---
title: Give Hermes Agent a Voice with ElevenLabs
summary: >-
  Hermes Agent ships with no voice by default. This guide adds one with
  ElevenLabs — Text to Speech for its replies and Speech to Text (Scribe) for
  transcribing what you say — both as simple provider config in Hermes.
author: ElevenLabs Developers
authorUrl: 'https://x.com/ElevenLabsDevs'
category: Integrations
difficulty: Beginner
readingTime: 5
date: '2026-06-25'
tags:
  - voice
  - text-to-speech
  - speech-to-text
  - elevenlabs
  - scribe
  - config
integrations:
  - Hermes Agent
  - ElevenLabs
  - Telegram
  - Discord
  - WhatsApp
  - Slack
  - Signal
---

## Why give Hermes a voice

Hermes Agent runs in your terminal, in messaging apps, and on your phone. By default it has no voice. This guide walks you through how to add one: ElevenLabs **Text to Speech** for its replies, and **Speech to Text** for transcribing what you say. Both are provider config in Hermes — no custom scripts required.

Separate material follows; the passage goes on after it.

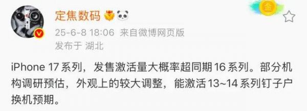 近日,博主定焦数码预测,iPhone 17系列的发售激活量大概率会超过去年同期的iPhone 16系列。

The end result: you speak, Hermes hears you with Scribe, thinks, and answers back in your chosen ElevenLabs voice.

## Setup

Get an API key from the ElevenLabs dashboard and add it to `~/.hermes/.env`:

```shell
ELEVENLABS_API_KEY=your_key_here
```

If the ElevenLabs dependency is missing, install the premium TTS extra into the Hermes environment:

```shell
pip install "hermes-agent[tts-premium]"
```

## Easy setup (let Hermes do it)

Hermes is built to use your machine. To turn on ElevenLabs Text to Speech and Speech to Text, you can simply ask Hermes to configure it for you. Hermes has built-in skills for this and it's quite reliable:

```plaintext
Set ElevenLabs as the voice mode for both TTS and STT. I have already added the API Key into .hermes/.env.
```

The manual steps below do the same thing — they're worth reading because they show how Hermes configuration works under the hood.

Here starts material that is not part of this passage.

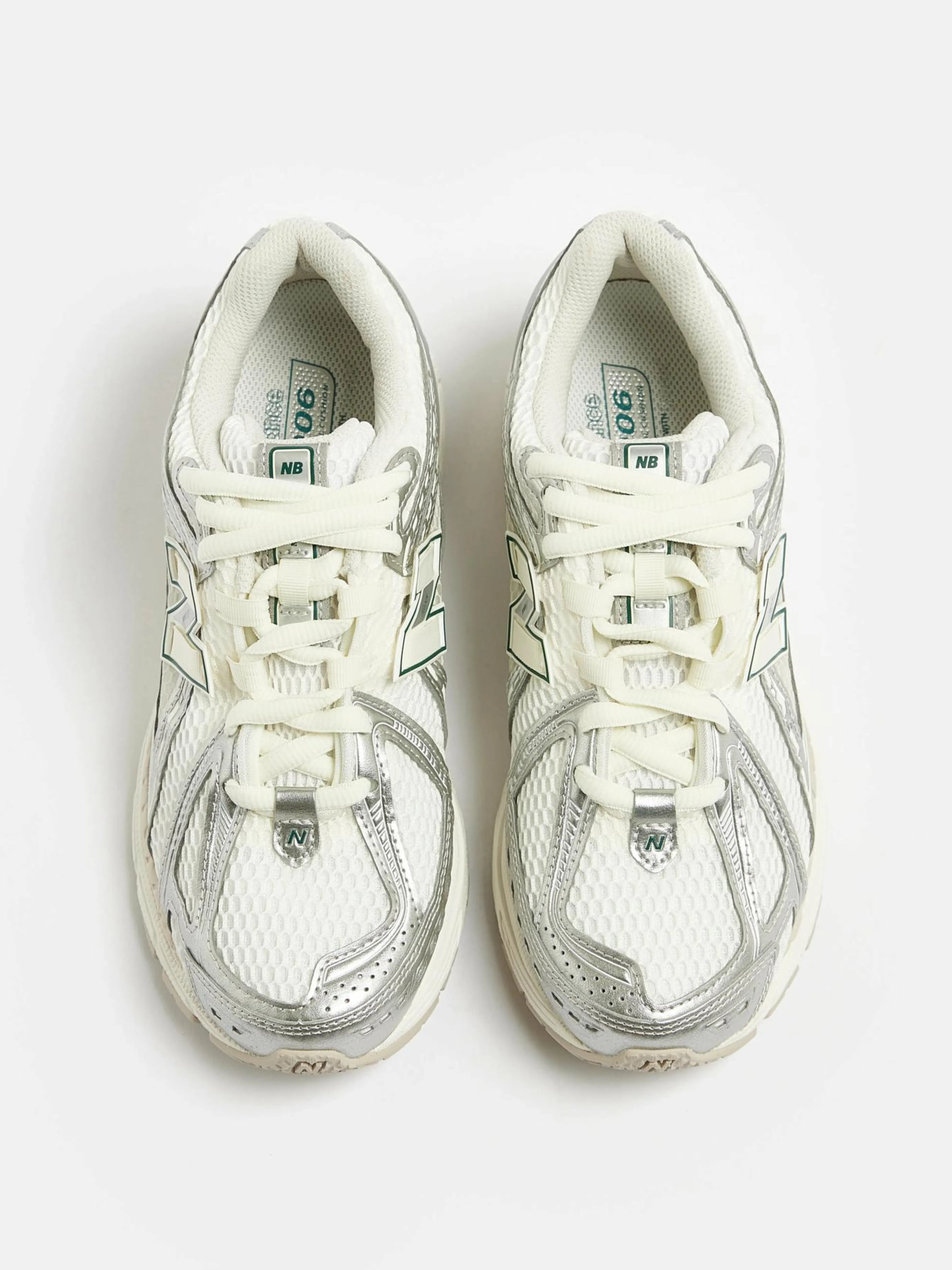De New Balance 1906R hardloopschoenen hebben een bovenwerk van mesh met synthetische overlays en een dempende ABZORB middenzool en hiel.

## Text to Speech (manual)

Run the setup wizard and pick ElevenLabs at the voice step:

```shell
hermes setup
```

Or edit `~/.hermes/config.yaml` directly:

```yaml
tts:
  provider: "elevenlabs"
  elevenlabs:
    voice_id: "pNInz6obpgDQGcFmaJgB"  # any voice from your library
    model_id: "eleven_flash_v2_5"     # ~75ms, built for real-time
```

`voice_id` is the voice — choose one from the voice library or use a clone. `model_id` defines which model to use: `eleven_flash_v2_5` is a good choice for live conversation (~75ms), while `eleven_multilingual_v2` is a good general-purpose default. Hermes chooses the audio format from the output path.

Restart Hermes after changing config. In the gateway, use:

```plaintext
/restart
```

In the CLI, exit and relaunch Hermes. Then enable voice output with:

```plaintext
/voice on
/voice tts
```

## Speech to Text (manual)

ElevenLabs **Scribe** is a built-in Hermes STT provider. You do not need to create a custom transcription script or register a command provider.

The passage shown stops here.